FIGS. 6A and 6B are a transmission electron Microscopy (TEM) image and a fast Fourier transform (FFT) diffractogram image respectively of the (Y,Gd)BO₃:Eu nano phosphors prepared according to the process of Example 1. FIGS. 7A and 7B are a TEM image and a FFT image respectively of the (Y,Gd)BO₃:Eu nano phosphors prepared according to the process of the Comparative Example 1.

It may be seen from FIGS. 6A, 6B, 7A and 7B that the (Y,Gd)BO₃:Eu nano phosphors prepared according to the process of the Comparative Example 1 have defects of irregular particles, however the (Y,Gd)BO₃:Eu nano phosphors prepared according to the process of Example 1 have almost no defects and have high crystalline properties. That is, referring to FIG. 6A, a regular lattice shape is shown, which means that an entire particle is of a single phase, that is, a single crystal. When a particle is composed of a single crystal instead of agglomerated crystals, the particle has excellent crystalline properties. FIG. 6B is a diffractogram of FIG. 6A. Referring to FIG. 6B, it may be seen that white spots are regularly arranged. Thus, it may be concluded that a single crystal particle of FIG. 6B was synthesized according to the process of Example 1. However, referring to FIGS. 7A and 7B, a single crystal particle was not synthesized when prepared according to the process of the Comparative Example 1. In addition, since white spots are not regularly arranged in the diffractogram of FIG. 7B, it may be concluded that particles with defects were synthesized instead of a single crystal.

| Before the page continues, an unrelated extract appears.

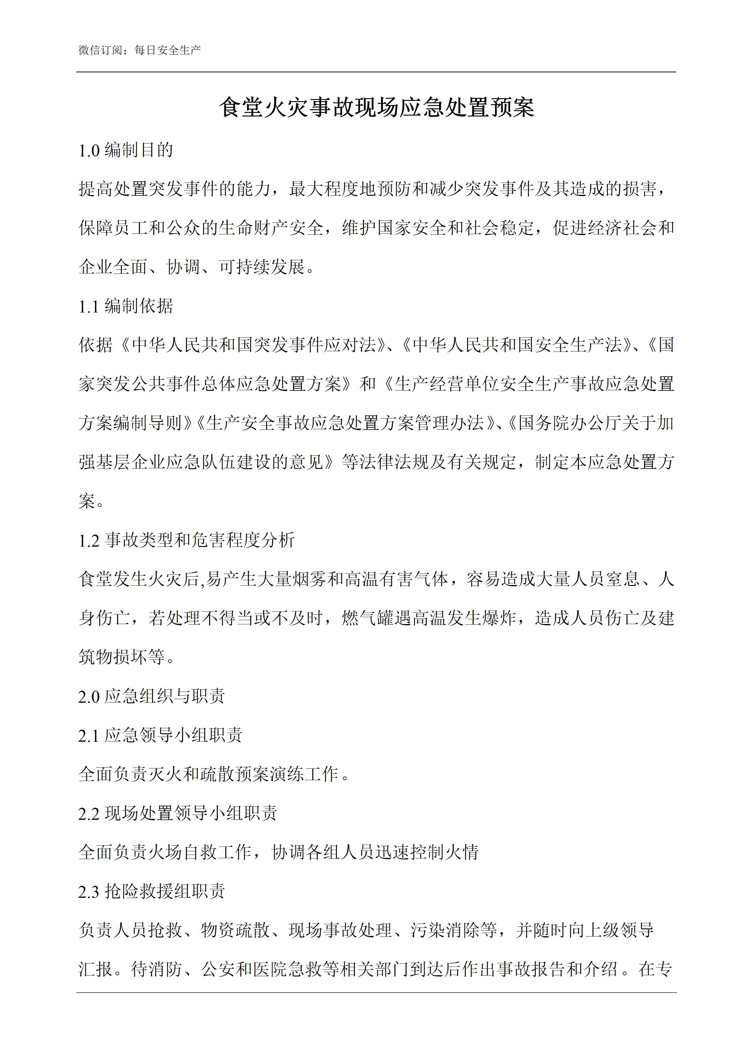 食堂火灾事故现场应急处置预案

While this invention has been described in connection with what is presently considered to be practical exemplary embodiments, it is to be understood that the invention is not limited to the disclosed embodiments, but, on the contrary, is intended to cover various modifications and equivalent arrangements included within the spirit and scope of the appended claims.

Claims

1. A method of preparing a nano phosphor, the method comprising:

forming a metal oxide nanoparticle via a low-temperature synthesis process;

forming a mixture by mixing the metal oxide nanoparticle and an inorganic salt; and

annealing the mixture.

2. The method of claim 1, wherein the metal oxide nanoparticle comprises a material selected from a group consisting of a lanthanides-based borate compound, a lanthanium-based borate compound and an yttrium-based borate compound.

3. The method of claim 1, wherein the metal oxide nanoparticle comprises (Y1-a-b,Gda)BO3:Mb (where M is Eu, La, Tb, Pr, Nb, Sm, Gd, Eb or Yb, ‘a’ satisfies 0≦a≦0.40, and ‘b’ satisfies 0.01≦b≦0.30).

4. The method of claim 1, wherein the low-temperature synthesis process is performed at a temperature equal to or lower than 500° C.

5. The method of claim 1, wherein the low-temperature synthesis process is selected from a group consisting of a precipitation process, a hydrothermal process, or a solvothermal process.

6. The method of claim 1, wherein the inorganic salt comprises at least one material selected from a group consisting of NaBO2, LiBO2, KBO2, MgSO4, Li2SO4, Na2SO4, K2SO4, MgCl2, CaCl2, SrCl2, BaCl2, Li2CO3, Na2CO3, K2CO3, Rb2CO3, LiCl, NaCl, KCl, RbCl and CsCl.

7. The method of claim 1, wherein the inorganic salt comprises NaBO2.

8. The method of claim 1, wherein the inorganic salt comprises a nonmetallic component included within the metal oxide nanoparticle.

9. The method of claim 1, wherein the annealing is performed using microwaves.

10. The method of claim 1, wherein the nano phosphor comprises a (Y,Gd)BO3:Eu phosphor.

11. The method of claim 1, further comprising post-annealing the mixture at a temperature in the range of 800° C. to 1500° C. after the annealing.

12. The method of claim 1, wherein the annealing occurs at a pressure of 40 atmospheres.

13. The method of claim 1, wherein the mixture includes a solvent, the inorganic salt being dissolved in the solvent.

14. A nano phosphor prepared according to the method of claim 1.

15. The nano phosphor of claim 14, wherein the nano phosphor comprises a (Y,Gd)BO3:Eu phosphor.

16. A display device comprising the nano phosphor of claim 14.